Rejection also would be huge, shaking up the emerging field of psychedelic medicine and rattling investors who have bet millions of dollars on its success.
Public interest in psychedelics has soared in recent years as small studies have found substantial benefits for mental illnesses when psychedelics are paired with talk therapy. But many experts have warned against psychedelic hype, including National Institute on Drug Abuse Director Nora Volkow who suggested last week that enthusiasm about the apparent benefits has gotten ahead of the research.
Reports from FDA staff and Lykos are among the briefing materials for today’s all-day meeting posted on the web page off the Psychopharmacologic Drugs Advisory Committee. Public comments received so far are posted separately.
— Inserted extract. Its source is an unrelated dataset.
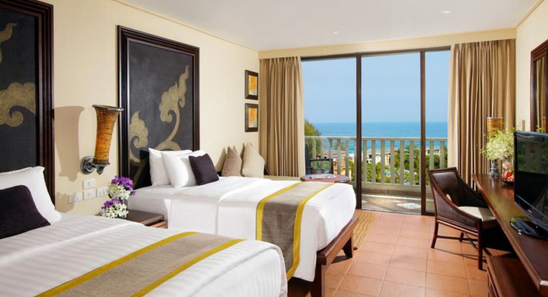 Отдыхал с женой и двумя детьми (3 и 6 лет) в отеле с 21.01.2016 по 01.02.2016.Все очень понравилось.Гости отеля ,примерно составляют( 25% русскоговорящие ,25% европейцы,50% азиаты)Территория отеля большая, все в зелени.Поселили нас в главном корпусе в номере 1104 , это на втором этаже. На ресепшене при встречи был русско говорящий парень Андрей, спасибо ему в дальнейшем очень помог, очень вежливый молодой человек.Номер просторный с балконом. Нам поставили дополнительную кровать, для второго ребёнка.Уборку номера нам делала девушка по имени Parn, она терпеливо дожидалась когда мы уйдём на пляж, а по приходу было все чисто, хотя мои детки наводили там беспорядок. Полотенца меняли два раза в день, белье по моему через день, вечером на подушки клали цветочки и открытки с пожеланием спокойной ночи. Утром на завтрак нам по просьбе ,для детей готовили овсяную кашку. ( это нам подсказала русско говорящая девушка Ирина, не знаю,кем она работает, но она присутствовала и помогала выбирать блюда в обед в ресторане около центрального бассейна, а вечером возле пляжа. Ей отдельное спасибо.Завтраки были обильные, но однообразные, все вкусно . Обедали мы обычно в том же ресторане , где и завтракали. Там есть меню на русском языке и давольно таки приличная еда(рекомендую местный суп на кокосовом молоке с креветками),да и для детей нам приготавливали комбинированные блюда, а вечером мы ходили в ресторан у моря при отеле, в нем бывало устраивали Шведский стол, что очень удобно. Ещё там готовят очень вкусную пиццу , где ты сам сможешь выбрать ингредиенты.Дети целый день купались в бассейне, катались с горки,все остались довольны отдыхом.На пляж рекомендую ходить до 11 часов и после 16, очень сильное солнце.Пляж чистый, вода прекрасная. При отели работает детская игровая комната, мои дети были там один раз, говорили, что весело, но в остальные дни предпочли бассейн.Лежаки мы свободно занимали перед завтраком в 9 утра.Кофе на завтрак не обязательно брать в "бочке", как пишут в других отзывов . Можно попросить официанта принести латте или капучино. Фрукты все свежие были и зрелые. Выпечки множество видов.Сыров было как минимум пять видов, кстати все пробывал лично.Омлеты , яичница так же были, не только вареные яйца ( опять , как в другом отзыве), во втором зале есть разные отварные блюда, типо запеканок, отварного картофеля , сосисек и т.п.Готовят блинчики, оладушки,печенье. Когда пишут, что отель виноват, как люди прилетели и их встретили тур.операторы , я их не понимаю .Мы прилетели Аэрофлотом, все чётко , сели на такси ( Тайота джип )стоит 1200 бат с аэрапорта и за 45 мин. доехали до отеля.По приезду, т.к мы приехали в 12 часов, нас попросили подождать часик , пока наш номер будет готов . Мы спустились к бассейну, с женой присели в ресторане, а дети побежали купаться. Я даже не заметил, как время пролетело. Главное , нужно вовремя переодеться в самолёте в летнию одежду, чтоб было канфортно.При заселении берут 4000 бат , но этого не хватает, мы ещё пополняли пару раз депозит. Все платные услуги, обеды, коктейли записывают на номер.На сколько моя жена бывает привередливой ко всему, на этот раз она осталась довольна отелем.Главное, заехать на позитиве, тогда и отдых будет хороший!!!

The FDA typically follows the advice of its expert panels, but not always. It also can impose significant restrictions when approving drugs. You can watch today’s meeting live starting at 8:30 a.m.
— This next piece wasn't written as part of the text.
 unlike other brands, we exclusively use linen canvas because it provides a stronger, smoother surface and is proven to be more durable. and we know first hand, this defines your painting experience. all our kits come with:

Advisory committee meetings are highly technical affairs, and this one will be as well. In this case, panelists will wrestle with a thorny problem unique to psychedelics: Most clinical trial participants can guess whether they received the drug or a placebo, which can bias the study results. An FDA analysis released Friday suggested that had happened in studies submitted to support the drug’s approval, the New York Times reported.
The staff report noted increases in blood pressure and pulse rates that could trigger cardiovascular events, although most experts generally consider MDMA safe and non-addictive. But evidence for its effectiveness in treating PTSD was questioned by the influential Institute for Clinical and Economic Review which considers it “insufficient,” the group’s lowest rating. Public comments on the application range widely, The Microdose newsletter reported,
The last two studies that Lykos submitted to the FDA included around 200 patients who took either the drug or a placebo during three eight-hour sessions, four weeks apart. They also had three appointments to prepare for the therapy and nine more to discuss what they’d learned. The most recent of those trials found a measurable reduction in symptoms in 86% of those who received MDMA, with 71% improving enough that they no longer met the criteria for a PTSD diagnosis. But 69% of those who got the placebo also reported reductions in symptoms, and nearly 48% no longer qualified for a diagnosis.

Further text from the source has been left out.